[Opening INPUT section]

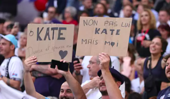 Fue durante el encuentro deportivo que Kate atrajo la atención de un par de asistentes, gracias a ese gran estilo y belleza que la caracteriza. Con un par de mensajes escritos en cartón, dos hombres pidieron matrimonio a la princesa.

[Closing INPUT section]
[Opening INPUT section]

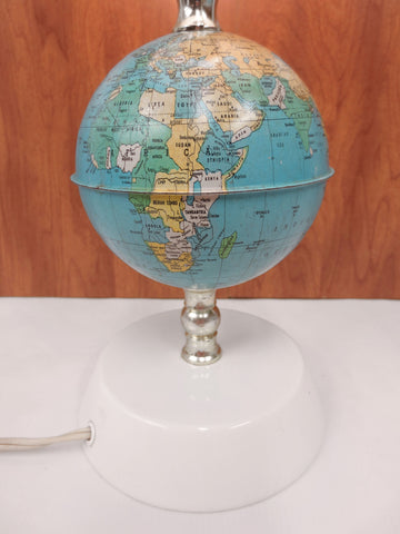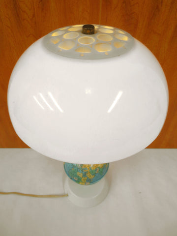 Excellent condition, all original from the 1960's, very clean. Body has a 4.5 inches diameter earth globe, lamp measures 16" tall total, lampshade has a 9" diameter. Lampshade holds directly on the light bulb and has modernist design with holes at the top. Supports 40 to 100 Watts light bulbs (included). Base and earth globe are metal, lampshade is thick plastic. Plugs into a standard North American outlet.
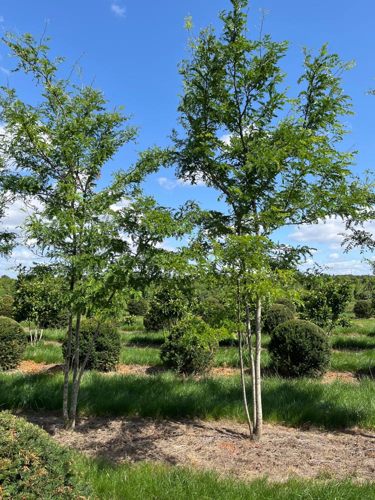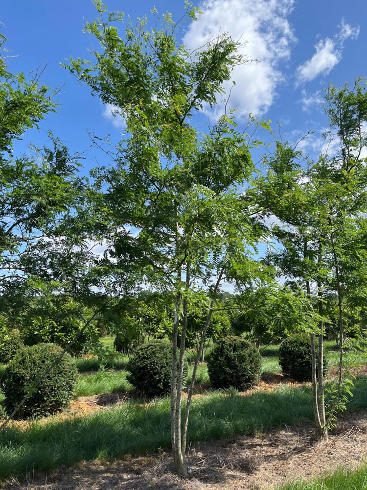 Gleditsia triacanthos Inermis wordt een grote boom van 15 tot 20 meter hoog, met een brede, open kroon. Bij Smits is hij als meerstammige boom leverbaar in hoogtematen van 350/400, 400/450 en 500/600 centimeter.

[Closing INPUT section]

§ PROBLEM STATEMENT:
Going by the entries above, repeat exactly the lines that start at the line with "Excellent condition, all" and go on through the line with "Gleditsia triacanthos Inermis". Pictures are not part of the copy.

§ ANSWER SPACE:
 Excellent condition, all original from the 1960's, very clean. Body has a 4.5 inches diameter earth globe, lamp measures 16" tall total, lampshade has a 9" diameter. Lampshade holds directly on the light bulb and has modernist design with holes at the top. Supports 40 to 100 Watts light bulbs (included). Base and earth globe are metal, lampshade is thick plastic. Plugs into a standard North American outlet.
 Gleditsia triacanthos Inermis wordt een grote boom van 15 tot 20 meter hoog, met een brede, open kroon. Bij Smits is hij als meerstammige boom leverbaar in hoogtematen van 350/400, 400/450 en 500/600 centimeter.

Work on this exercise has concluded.